Transformation of the business
Our strategy has been and continues to be transformation of our business from a rural, consumer-focused voice and broadband
provider into a national provider of advanced communications and technology solutions to businesses. We took key steps in
2010 and 2011 to advance this strategy. At the same time, we continued to build our consumer broadband operations in
response to public demand for faster Internet speeds. Together, these initiatives align our focus with the growth opportunities in
our industry and provide investors with the opportunity to combine growth and a high-yield dividend.
Today, we are a very different company from the one that was created in July 2006 through the spinoff of Alltel Corporation's
landline division and merger with VALOR Communications. At that time, we operated in just 16 states with less than 24,000
miles of fiber, a modest business sales organization, and only a handful of lower-tier data centers. In 2006, like other traditional
telephone companies, we faced two important challenges: Consumers were abandoning wireline voice connections in favor of
wireless services, and cable television companies were increasingly competing for both voice and Internet customers. This led
to a decline in revenue and shrinking cash flows and had the potential to impair our ability to maintain our dividend practice.
To manage these pressures, we completed acquisitions of other traditional telephone companies, which improved our size, scale
and cost structure. However, the core problems presented by a shrinking customer base still remained.

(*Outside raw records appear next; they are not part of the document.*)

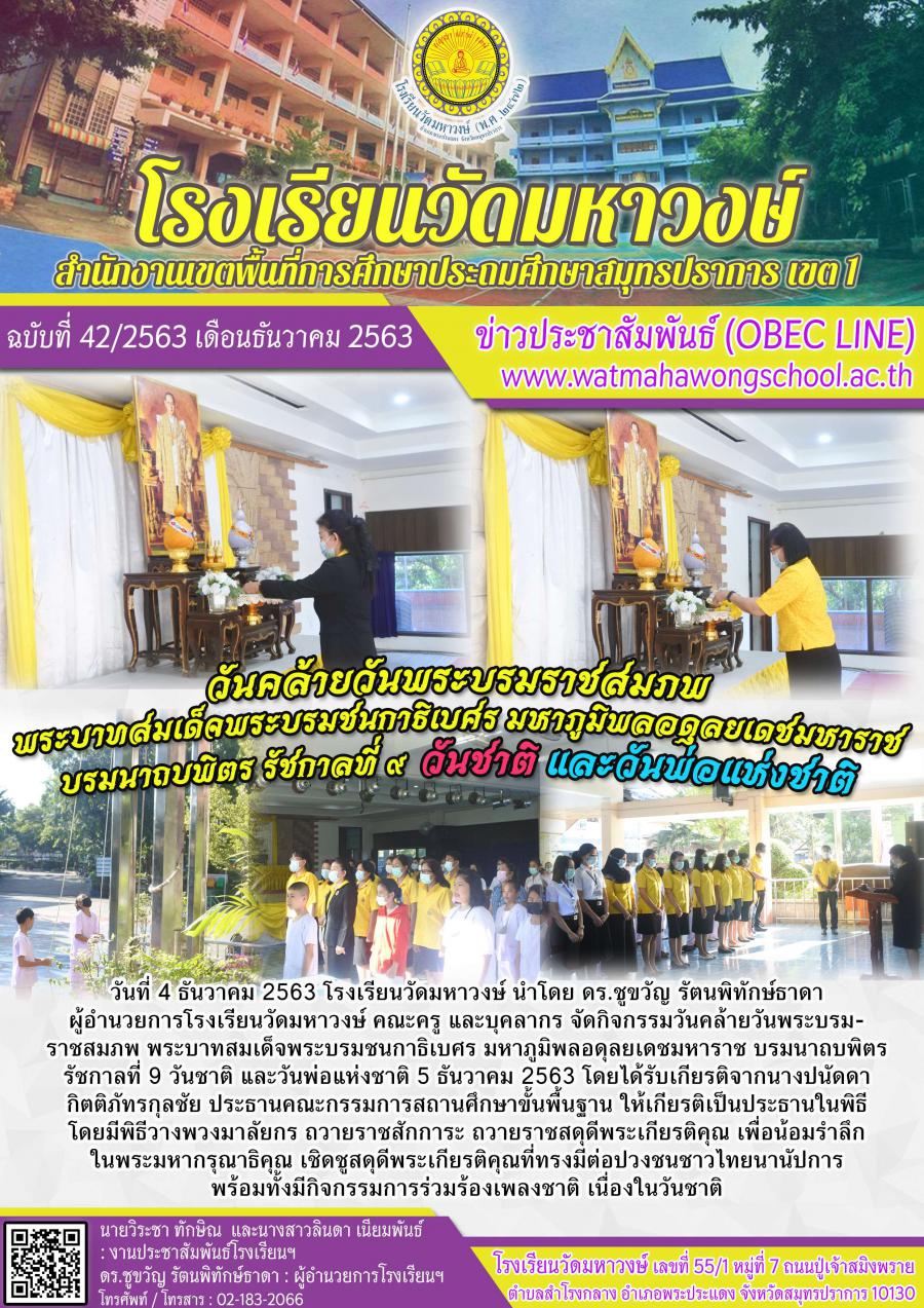 ฉบับที่ ๔๒/๒๕๖๓ วันคล้ายวันพระบรมราชสมภพ รัชกาลที่ ๙ วันชาติ และวันพ่อแห่งชาติ
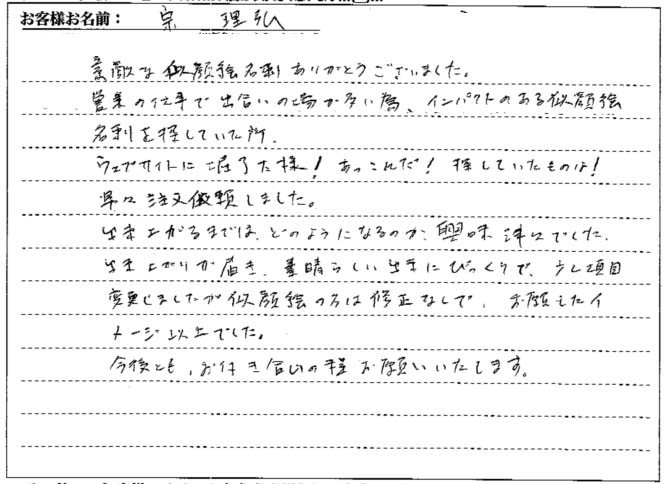 「名刺を渡した瞬間にお客様から反応を頂き上々です」
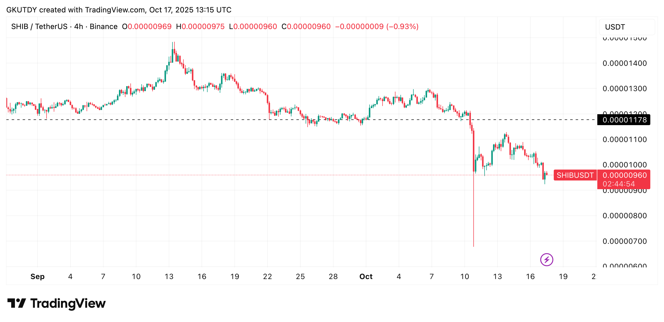 The Shiba Inu coin's price today sits at $0.00000972, just under the ten-thousandth mark. It slipped through the long-standing $0.00001178 support in early October and even printed a deep wick at $0.000006, when liquidity vanished for a moment.
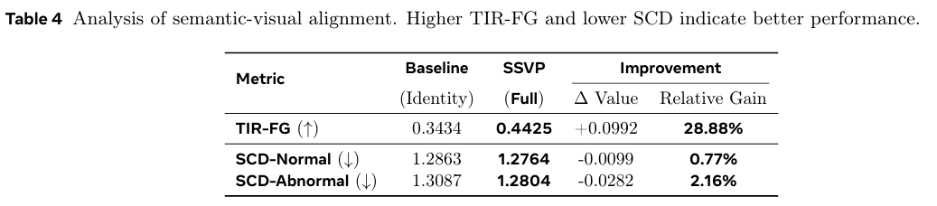 如表 4 所示,与基线相比,SSVP 将 TIR-FG 相对提升了 28.88%28.88\%28.88%,验证了我们的动态提示能有效锚定判别性视觉缺陷。对于正常和异常提示,SCD 指标均有所下降,表明我们基于边界的正则化有效防止了语义漂移并保持了类别保真度。
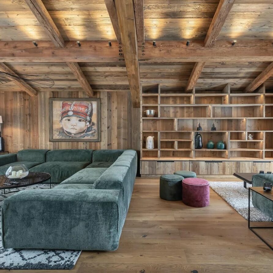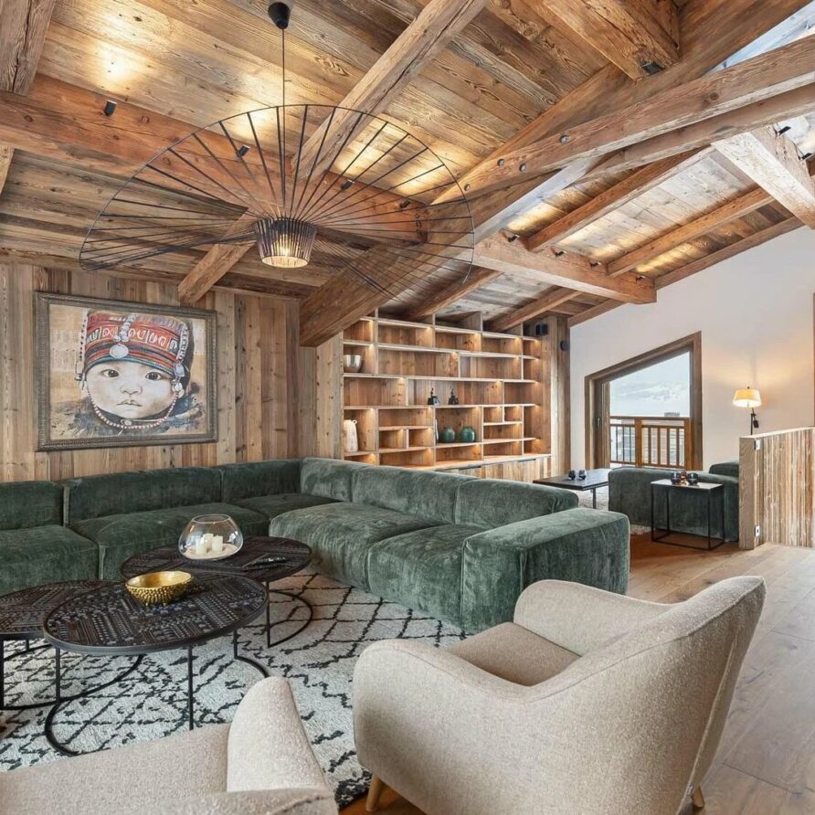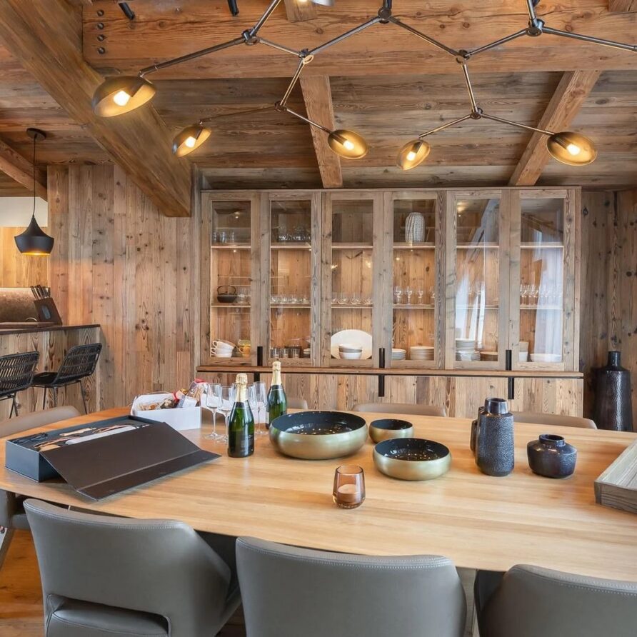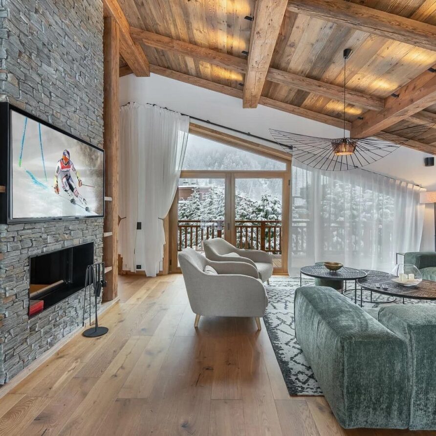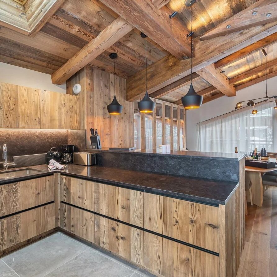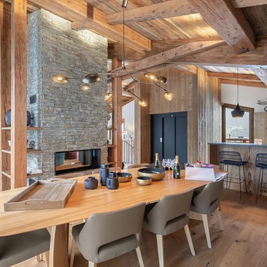 The chalet presents itself as an elegant five-bedroom accommodation with a maximum capacity of 10 guests and top-notch amenities. At the holiday chalet’s peak, the spacious open-plan living area shows off stunning modern design mixing natural stone and wood to create a classy yet welcoming feel. A comfy lounge area gives plenty of room to relax, with plush furniture and an eye-catching fireplace in the middle adding warmth and appeal to the room. To find a quieter spot, a snug reading nook offers the ideal place to snuggle up with a book or the daily papers while still soaking in the lively vibe of the chalet.
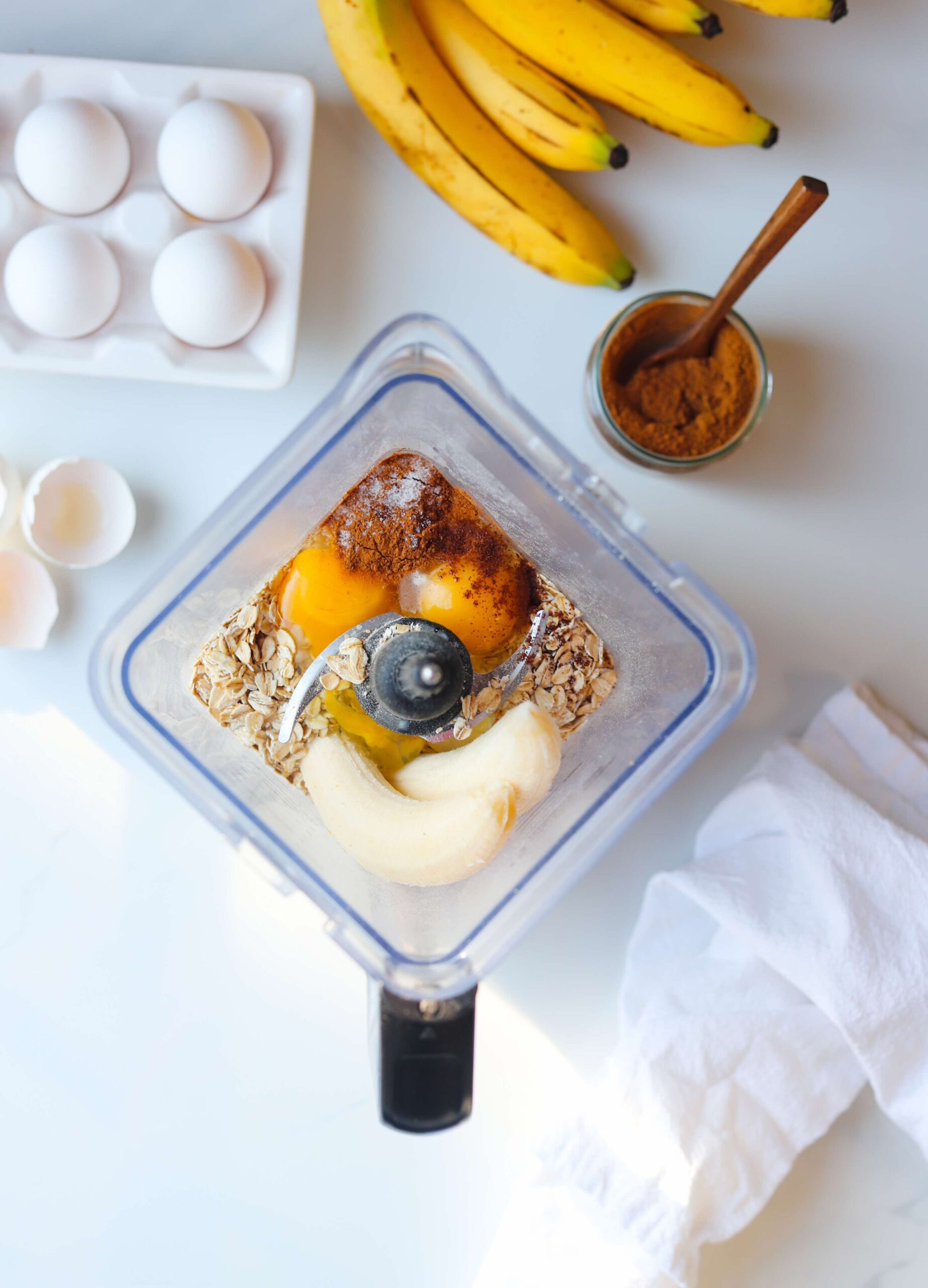 You will need 2 large very ripe bananas (the more ripe, the better!), 2 large eggs, 1/3 cup of almond milk, 1 teaspoon of vanilla extract, 1 1/4 cups of old fashioned oats, 1 1/2 teaspoons of baking powder, 1/2 teaspoon of ground cinnamon and a pinch of salt and cloves. The cloves are optional, but I love the warm spicy goodness it adds to these pancakes.
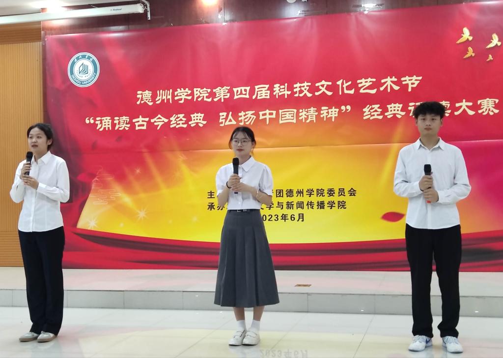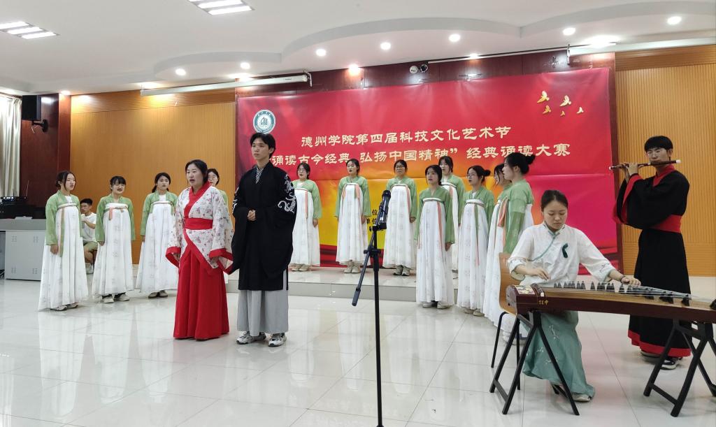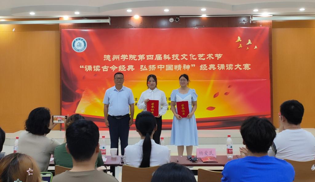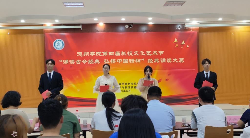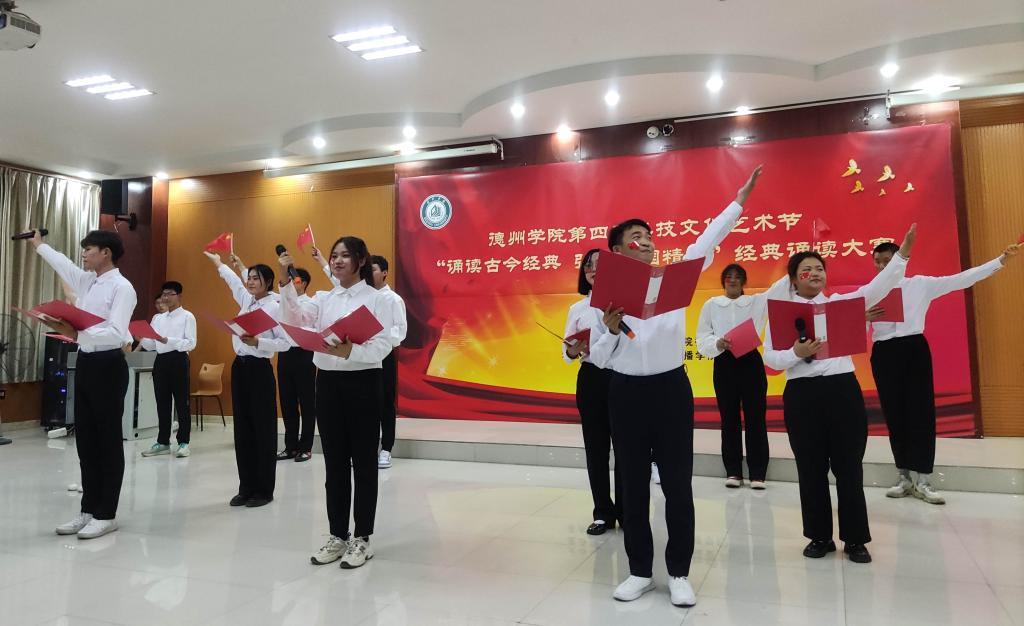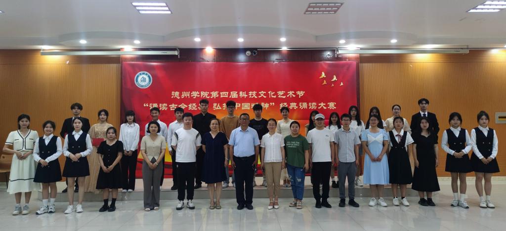 本次经典诵读大赛由校团委主办,文学与新闻传播学院承办,是太阳成官网第四届科技文化艺术节的一项活动。德院师生从诗歌中学习中华文化,从历史中汲取精神力量,砥砺前行再出发。校团委相关负责人、文学与新闻传播学院班子成员、参演学院的师生代表参加了本次活动。
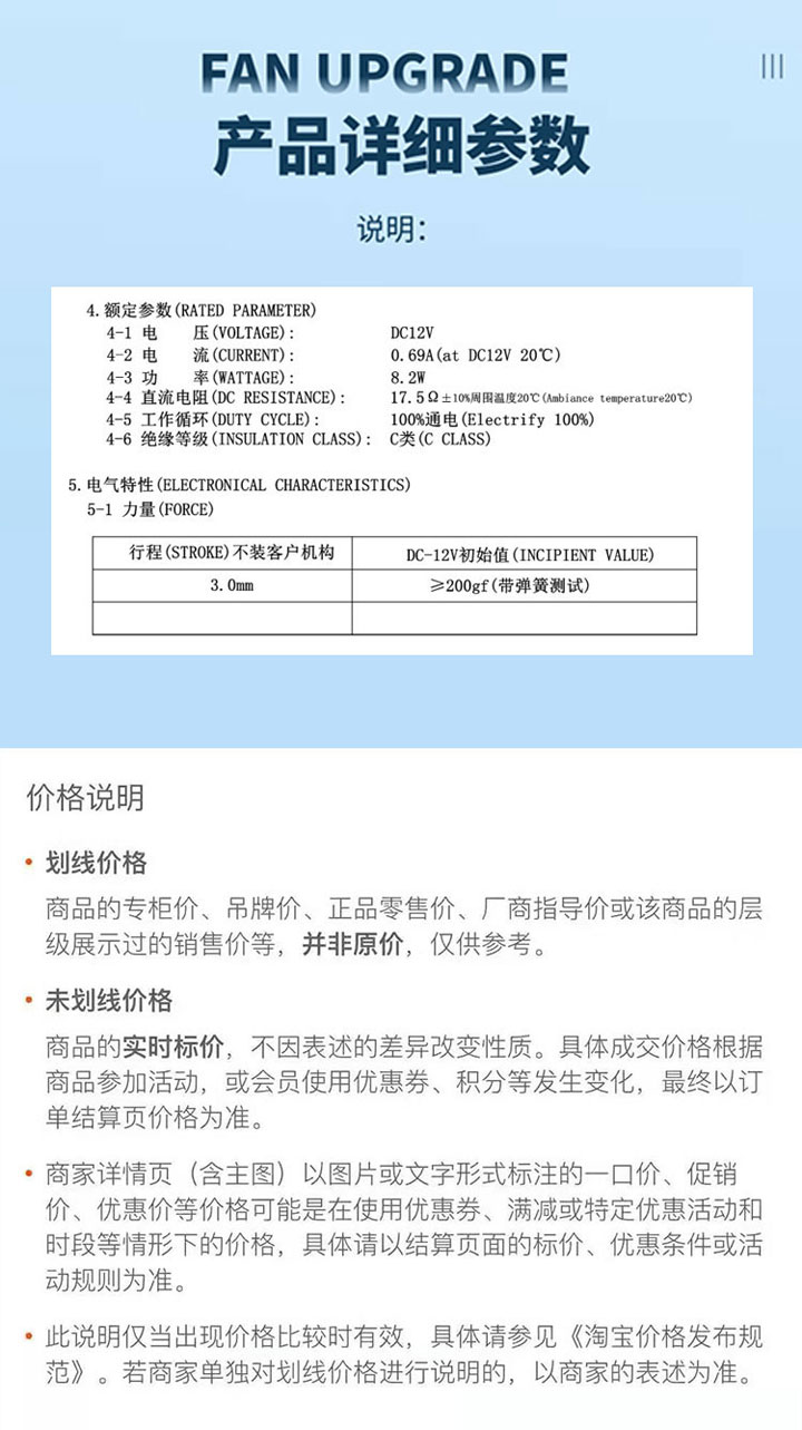 | 电压: | DC12V | 行程: | 3mm | 电阻: | 17.5欧 | 功率: | 8.2W |

In response to this pressure, we took many steps to transform our company and position it to grow cash flows. First, businesses
were experiencing a growing need for advanced data services, including integrated voice and data services, multi-site
networking and managed data services. Second, cellular customers were using more and more wireless data, requiring the
wireless carriers to obtain additional bandwidth on the wireline network that transports their wireless traffic. Third, consumers
were demanding faster broadband speeds at home to accommodate their growing use of streaming video and other Internet-
based services. As we considered how to capitalize on these opportunities, it quickly became apparent that we would have to
build a stronger company with increased scale and a more diverse portfolio of product offerings.
In early 2010, we made a critical move to accelerate the transformation of the company when we acquired NuVox Inc.
("NuVox"), a leading regional business services provider based in Greenville, South Carolina. NuVox added a broad portfolio
of Internet protocol ("IP") based services and an aggressive sales force, and this acquisition marked an important step in
positioning the company to better serve business customers.
Two more acquisitions followed quickly in late 2010. On December 1, we purchased Hosted Solutions Acquisition, LLC
("Hosted Solutions") of Raleigh, N.C., a data center operator in the eastern United States. Hosted provided us the infrastructure
to offer many advanced data services, such as cloud computing, managed hosting and managed services, on a wide scale. We
gained five state-of-the-art data centers and approximately 600 business customers. On December 2, we completed the
acquisition of Q-Comm Corporation's ("Q-Comm") wholly-owned subsidiaries Kentucky Data Link, a regional transport
services provider with 30,000 miles of fiber, and Norlight, a business services provider with approximately 5,500 customers.
This transaction significantly expanded our fiber network, allowing us to reach more business customers and to compete for
more wireless backhaul contracts. KDL's fiber transport network also provided opportunities for substantial operating synergies
by allowing us to carry more traffic on our own network rather than paying other carriers for this service.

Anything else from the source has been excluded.